▶ **ACTION ITEM**
Starting with the line with "Se stavate aspettando" in the entries below and going on through the line with "Linda Tol spotted", output every line exactly and nothing more. No pictures.

▶ **MATERIAL PROVIDED**
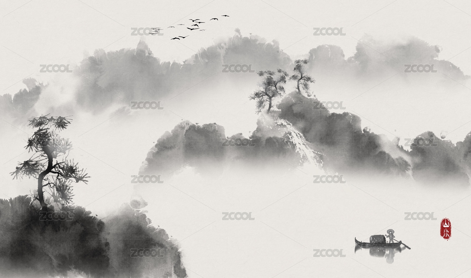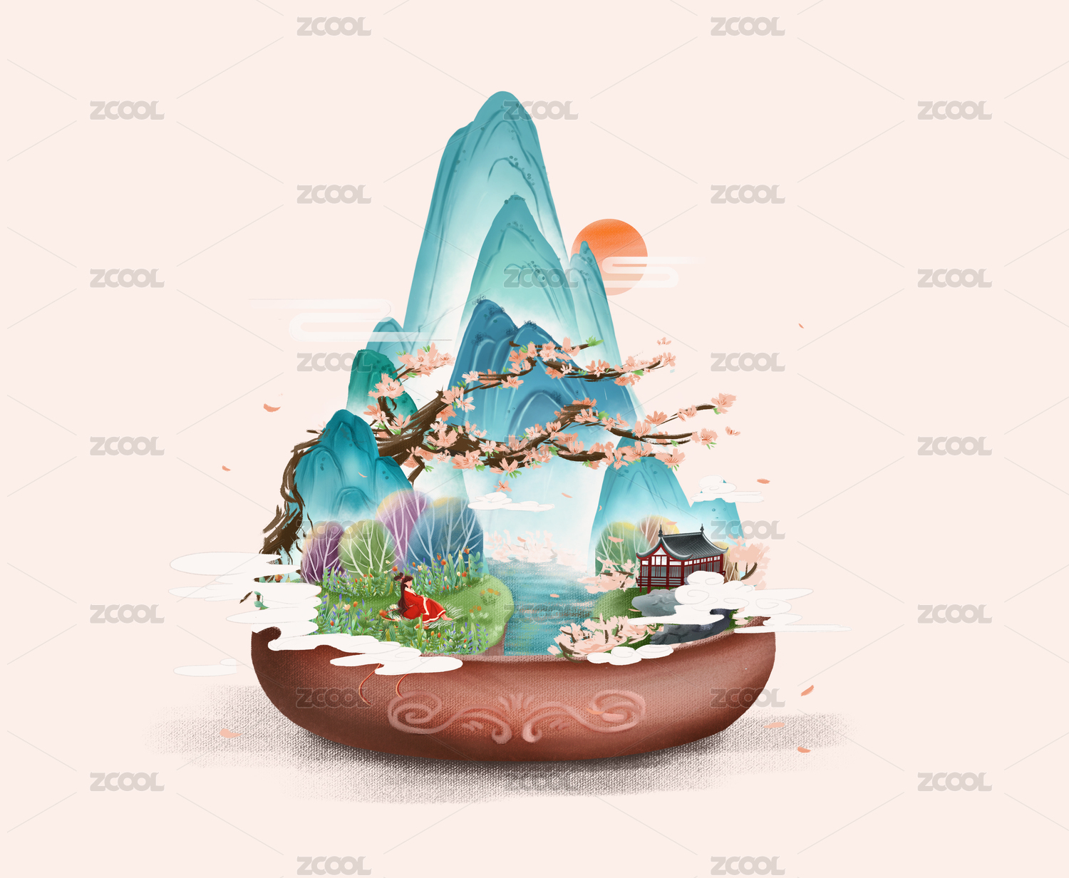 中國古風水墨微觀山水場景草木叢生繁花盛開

* * *

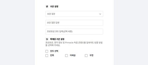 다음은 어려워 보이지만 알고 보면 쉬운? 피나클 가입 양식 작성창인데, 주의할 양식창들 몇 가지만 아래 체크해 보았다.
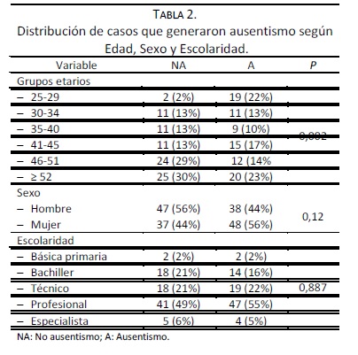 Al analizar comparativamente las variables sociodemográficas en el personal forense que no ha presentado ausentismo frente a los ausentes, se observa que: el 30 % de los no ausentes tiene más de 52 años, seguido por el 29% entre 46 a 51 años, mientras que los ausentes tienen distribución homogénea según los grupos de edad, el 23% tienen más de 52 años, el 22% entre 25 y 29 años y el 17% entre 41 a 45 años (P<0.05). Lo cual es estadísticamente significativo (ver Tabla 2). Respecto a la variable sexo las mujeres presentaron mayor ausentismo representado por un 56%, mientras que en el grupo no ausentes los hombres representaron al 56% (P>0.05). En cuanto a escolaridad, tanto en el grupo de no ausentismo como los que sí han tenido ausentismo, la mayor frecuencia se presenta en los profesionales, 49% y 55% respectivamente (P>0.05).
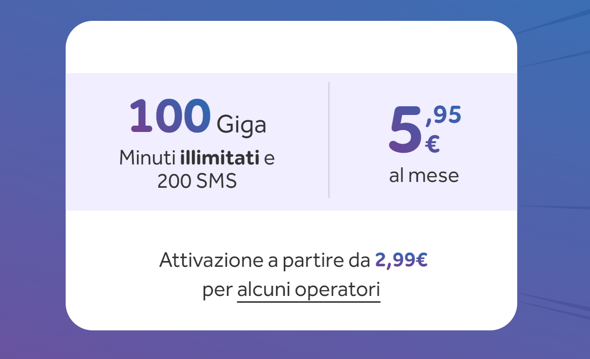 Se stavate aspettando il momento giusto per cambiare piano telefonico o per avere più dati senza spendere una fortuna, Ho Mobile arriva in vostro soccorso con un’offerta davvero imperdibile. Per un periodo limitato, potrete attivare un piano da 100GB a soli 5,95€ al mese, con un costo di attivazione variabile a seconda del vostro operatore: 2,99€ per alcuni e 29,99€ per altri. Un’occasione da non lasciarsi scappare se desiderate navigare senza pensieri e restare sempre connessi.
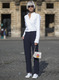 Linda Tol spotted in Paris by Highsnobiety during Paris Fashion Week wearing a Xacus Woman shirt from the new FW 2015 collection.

...

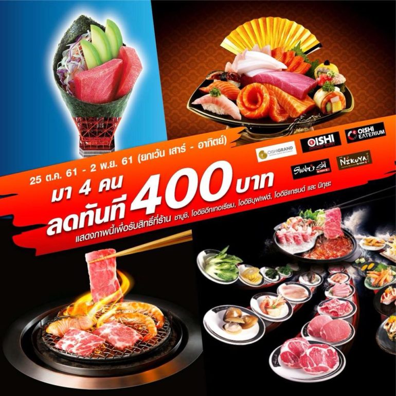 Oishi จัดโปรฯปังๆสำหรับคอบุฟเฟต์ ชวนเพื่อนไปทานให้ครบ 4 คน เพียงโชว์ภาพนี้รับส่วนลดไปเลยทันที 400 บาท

▶ **SOLUTION FOR THIS EXERCISE**
 Se stavate aspettando il momento giusto per cambiare piano telefonico o per avere più dati senza spendere una fortuna, Ho Mobile arriva in vostro soccorso con un’offerta davvero imperdibile. Per un periodo limitato, potrete attivare un piano da 100GB a soli 5,95€ al mese, con un costo di attivazione variabile a seconda del vostro operatore: 2,99€ per alcuni e 29,99€ per altri. Un’occasione da non lasciarsi scappare se desiderate navigare senza pensieri e restare sempre connessi.
 Linda Tol spotted in Paris by Highsnobiety during Paris Fashion Week wearing a Xacus Woman shirt from the new FW 2015 collection.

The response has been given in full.